Home > E. Pathology by systems > Genital system > ovotesticular DSD

ovotesticular DSD

Thursday 22 December 2005

Definition: Presence of both ovarian and testicular tissue in the same gonad (ovotesis) or in a contralateral gonad (ovary on one side, testis on another one). (Formerly: true hermaphroditism)

True hermaphroditism is defined as the presence of both testicular and ovarian tissue in a patient. Affected individuals may have either a female or a male phenotype with variable degrees of sexual ambiguity.

Because the wavy, cortical type stroma typically seen in the female gonad can be found in both female and male gonads and therefore is non-specific, follicular structures must be identified to classify gonadal tissue as ovarian and seminiferous tubules to classify the tissue as testicular.

In true hermaphrodites, the gonads may be ovary and testis separately or combined in an ovotestis.

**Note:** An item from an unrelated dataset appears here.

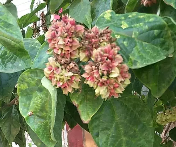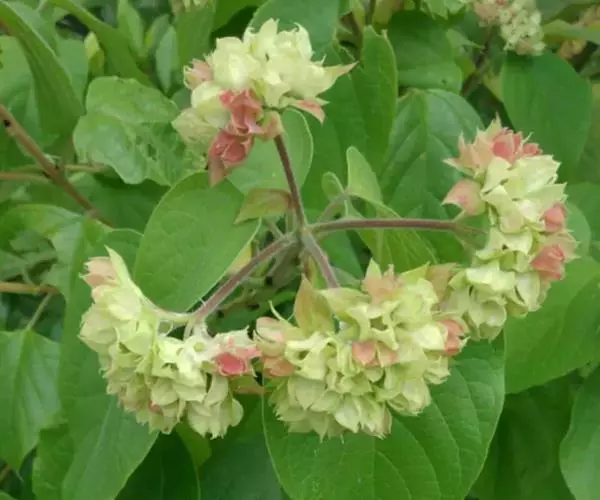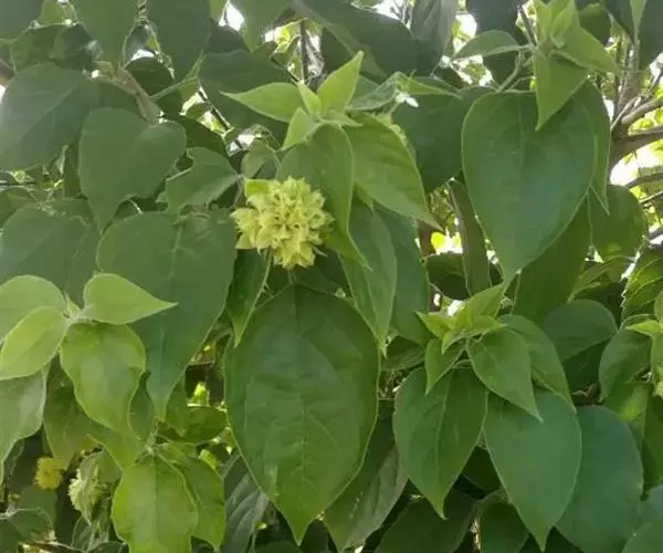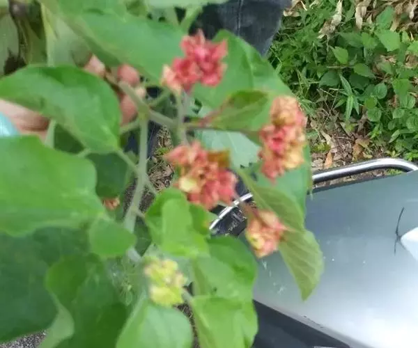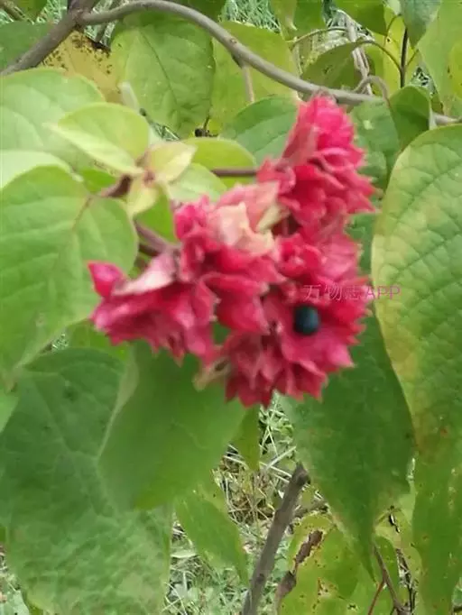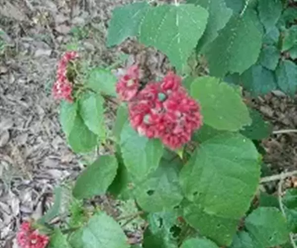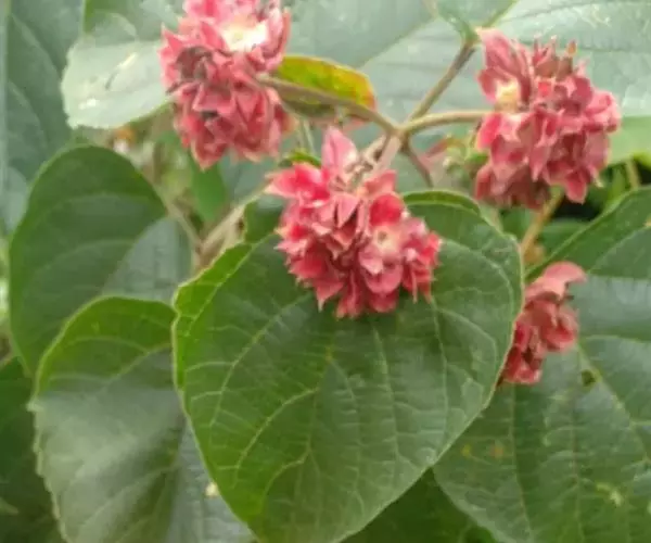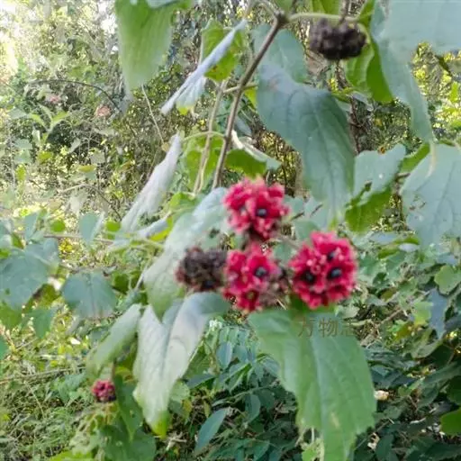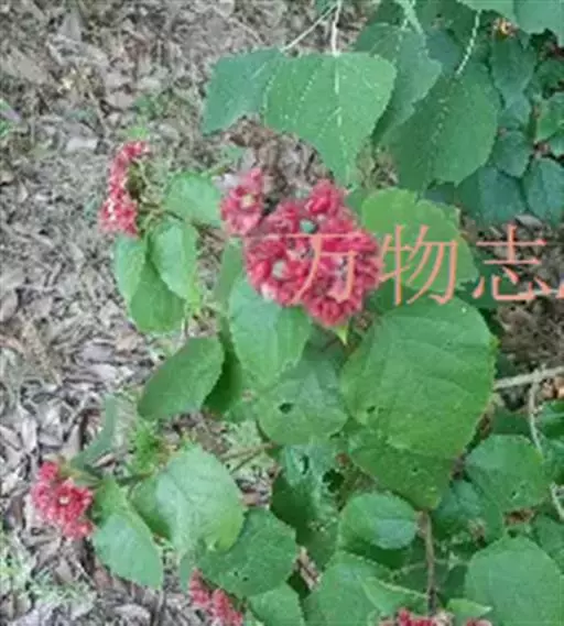 灌木,高1-3.5米;小枝略四棱形、具不明显的纵沟,全体密被平展或倒向灰褐色长柔毛,髓疏松,干后不中空。叶片心形或宽卵形,少为卵形,长6-18厘米,宽4-15厘米,顶端渐尖,基部心形至近截形,两面都有柔毛,脉上密被灰褐色平展柔毛,背面尤显著;叶柄长1.5-12厘米。聚伞花序密集成头状,通常2-5枝生于枝顶,花序梗较粗壮,长1.5-11厘米;苞片叶状,卵形或椭圆形,具短柄或近无柄,长0.5-2.4厘米;花萼由绿变红色,钟状,有5棱角,长约1.3厘米,有少数腺点,5深裂至萼的中部,裂片卵形或宽卵形,渐尖,花冠白色或淡红色,外有腺毛或柔毛,花冠管长约2厘米,纤细,裂片向外平展,倒卵状长圆形,长5-6毫米;雄蕊4枚,与花柱均伸出花冠外。核果近球形,径约7毫米,绿色,成熟时深蓝色或黑色,藏于红色增大的宿萼内。花果期4-10月。

True hermaphroditism is a rare condition both in North American and Europe, but one of the more common etiologies of male sexual ambiguity. It is, in contrast, common in Africa, especially in South Africa. Clusters in other geographic
locations are known.

Gonads in ovotesticular DSD

Ovotestis- The ovotestis is the most frequently encountered type of gonad in true hermaphroditism. In four-fifths of cases the ovarian and testicular tissues are arranged in an end-to-end fashion. The ovarian portion of an ovotestis has a convoluted surface while the testicular portion is smooth and glistening.

Frequently, a distinct line demarcates the two tissues. The firm nature of the palpable ovarian tissue and the soft texture of the testis are valuable clinical signs when evaluating the nature of a gonad in an infant with ambisexual external genitalia.

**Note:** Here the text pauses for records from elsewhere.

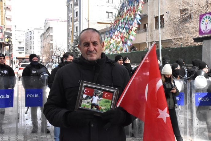 Menekşe Sokak'ta bir araya gelen aileler, Türk bayrakları ve çocuklarının fotoğraflarıyla DEM Parti İl Başkanlığı binasına kadar yürüdü. Eylemlerini sürdüren aileler, çocuklarına güvenlik güçlerine teslim olmaları yönünde çağrıda bulundu.
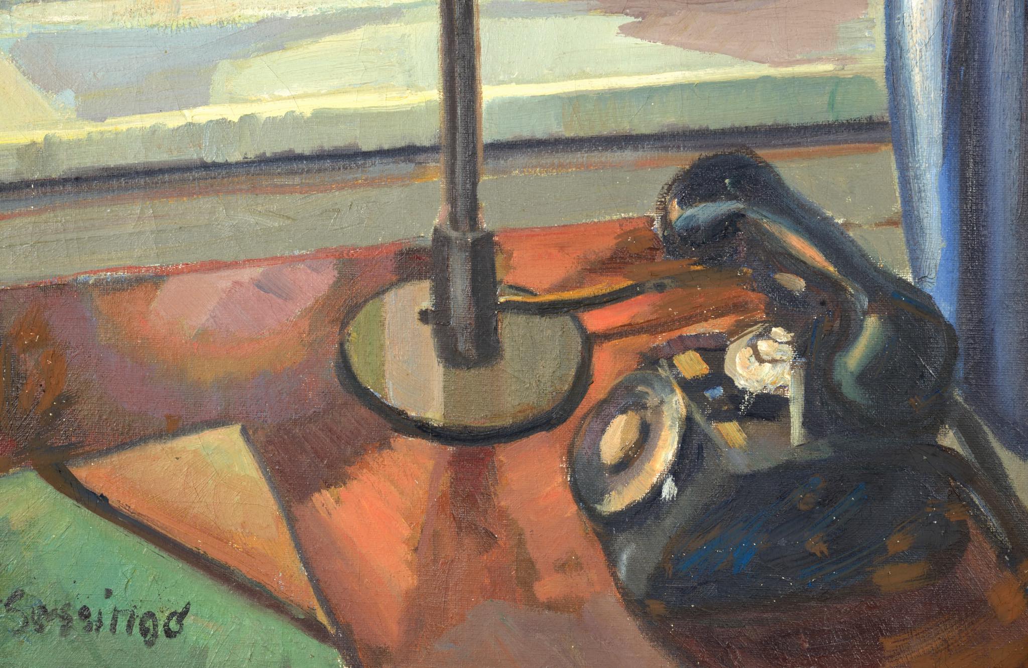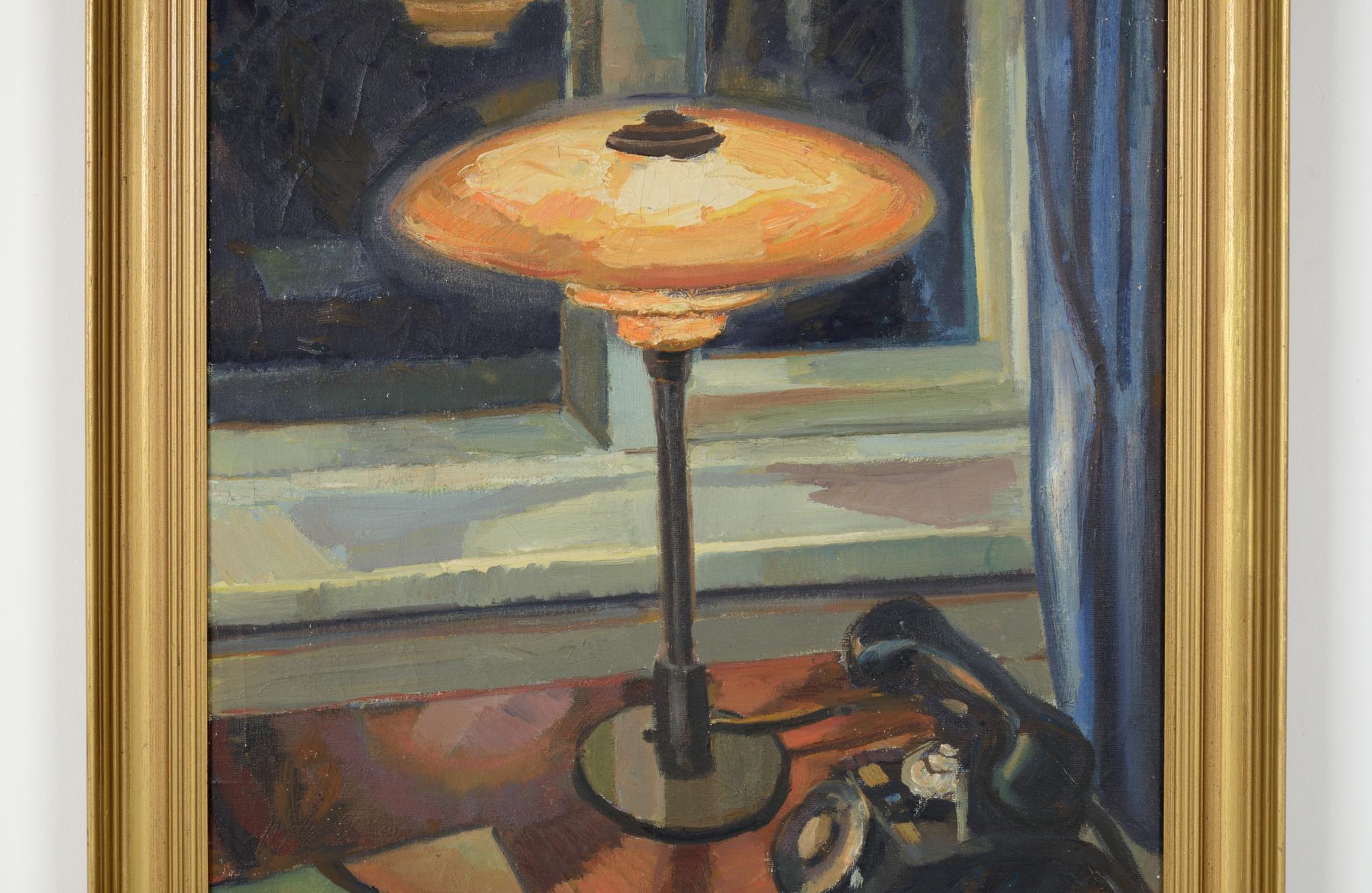 名もなき画家によるものと思われる静物画油彩作品です。窓辺の卓上に、旧式の電話機やアンバーガラスのPHランプが置かれており、暮れかかる頃の窓辺と、そこに映るランプなどの情景が描かれています。デンマークは家具の他、照明類にも長けたデザインが数多く存在し、PH-lampはその代表格です。
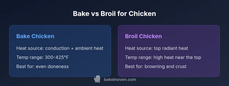 The terminology in many recipes and appliance manuals can be confusing. Is it bake or broil for chicken, and does it matter? In practical terms, bake refers to cooking with moderate, evenly distributed heat from all sides, while broil uses a concentrated, intense heat from the oven's broiler element to rapidly brown the surface. Bake is gentler on the interior, giving you time to reach the safe internal temperature without drying out the meat. Broiling can achieve crisp, deeply colored skins and crusts in a matter of minutes, but it risks burning if you don’t watch closely. According to Bake In Oven, the most reliable approach for chicken is to start with bake to ensure even doneness and then consider broil as a finishing tool if you want a browned exterior. This begs the question is it bake or broil for chicken? The answer is not binary; the best method depends on thickness, whether the piece is bone-in or boneless, and your oven's particular performance. For example, a bone-in thigh benefits from longer, slower baking to render fat, while a thin chicken breast can respond well to a quick broil to finish browning after a short bake. Understanding your oven's quirks—hot spots, rack positioning, and max broil strength—will dramatically improve consistency.

Ovary - An ovary, which preferentially develops on the left side, is the second most common gonad in true hermaphrodites. Every patient over 15 years of age in one series had either a corpus luteum or a corpus albicans. The testis, which is the gonad least often encountered, develops preferentially on the right.

The location of the gonad is influenced by the type and quantity of gonadal tissue present. Increasing amounts of ovarian tissue increase the probability that the gonad will be in an ovarian position. It is felt that this may be due to deficient
or absent MIS, which is needed for the initial descent of the testis to occur.

When a gonad with the macroscopic features of an ovary is situated in the inguinal canal or in the labioscrotal fold, the possibility of it being an ovotestis should be seriously considered.

Testis - The position of the testis is less constant. Most (63%) reside in the scrotum, 14% in the inguinal region, 1% in the internal inguinal ring, and 22% in a normal ovarian position.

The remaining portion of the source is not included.